Monday, December 01, 2008

The Donut Cake

When Gary and I were planning our wedding in 1999, he wanted a wedding cake made of donuts. He thought it would be lovely and appropos because we both admitted donuts as a vice. I struck down his idea in favor of a Martha Stewart-style cake with smooth white icing that made it look as if it was frosted in a sheet of ice.

Today was the "December Birthday Celebration" at my office. I, along with my boss and one of my assocites, Marcelo, celebrate our birthdays within four days of one another at the end of December. My boss didn't make it to the party. My dog, our office mascot, Vanna, did make it. The cake, pictured above (photo by Marcelo) was showcased on a table near the door.
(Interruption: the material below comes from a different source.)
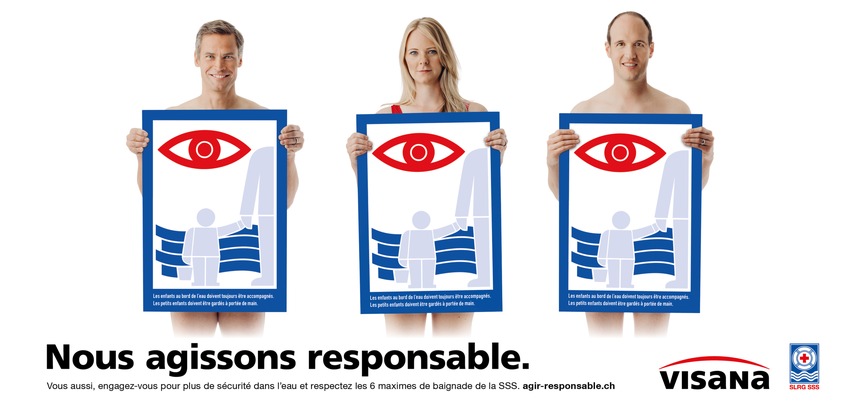 L'année 2018 et la saison de baignade entamée s'annoncent sous des auspices particuliers. Sous la devise «J'agis responsable», la SSS et l'assureur-accidents Visana unissent leurs forces pour promouvoir les maximes de la baignade parmi les amateurs et amatrices de plaisirs aquatiques. Depuis le début de cette semaine, des affiches avec différents ambassadeurs et ambassadrices portant les six maximes de la baignade de la SSS seront installées dans des villes sélectionnées. L'accent est mis cette année sur les deux premières maximes: «Les enfants au bord de l'eau doivent toujours être accompagnés - les petits enfants doivent être gardés à portée de main!» et «Ne jamais se baigner après avoir consommé de l'alcool ou des drogues. Ne jamais nager l'estomac chargé ou en étant à jeun». Au cours des prochaines années, les autres maximes seront également mises en lumière, en alternance. Autre message central de la campagne: il s'agit d'inciter chacun et chacune à adopter un comportement responsable, mais aussi à faire preuve de civisme en promouvant ce comportement auprès d'autrui. C'est pourquoi figurent sur les affiches, en plus de l'ambassadeur de la SSS, Renzo Blumenthal, des bénévoles de Visana et de la SSS, qui portent littéralement les maximes de la baignade et entendent ainsi montrer la voie, en tant que citoyens et citoyennes lambda, afin d'encourager une attitude responsable et sûre vis-à-vis de l'eau.

It was indeed a holiday pile of red, green and white frosted donuts, some with sparkly sprinkles, plus a bunch of miniature Christmas tree ornaments placed strategically. Also placed strategically under the cake was Vanna dog, a great lover of donuts who once consumed an entire box of them that Gary had brought home to the garage for a meeting with his stucco crew.
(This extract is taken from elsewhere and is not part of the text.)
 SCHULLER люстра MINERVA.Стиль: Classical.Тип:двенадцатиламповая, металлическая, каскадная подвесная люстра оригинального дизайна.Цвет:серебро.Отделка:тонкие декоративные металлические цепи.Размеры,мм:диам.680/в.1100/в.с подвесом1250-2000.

My associate, Patty, had taken Vanna out for a walk when Marcelo and I decided we needed to be on time for the birthday party. Just as the assembled multitude began to sing "Happy Birthday," Patty arrived with Vanna. I watched as Vanna sniffed the air, and observed the moment she knew donuts were in range. She parked herself next to the table where the donut cake sat in its glory. As everyone sang, "Happy Birthday dear blah blah blah blah," I yelled at Patty, "PULL VANNA BACK - SHE'S GOING FOR THE DONUTS!!!" Patty heard me just as Vanna began a slow lunge toward her lucious prey. Patty yanked the leash and Vanna's effort to seize the donut cake was foiled. Vanna made a couple of pathetic choking noises as people sang, "...Happy Birthday to you...." I took a deep breath and in that moment realized how much Vanna and Gary have in common.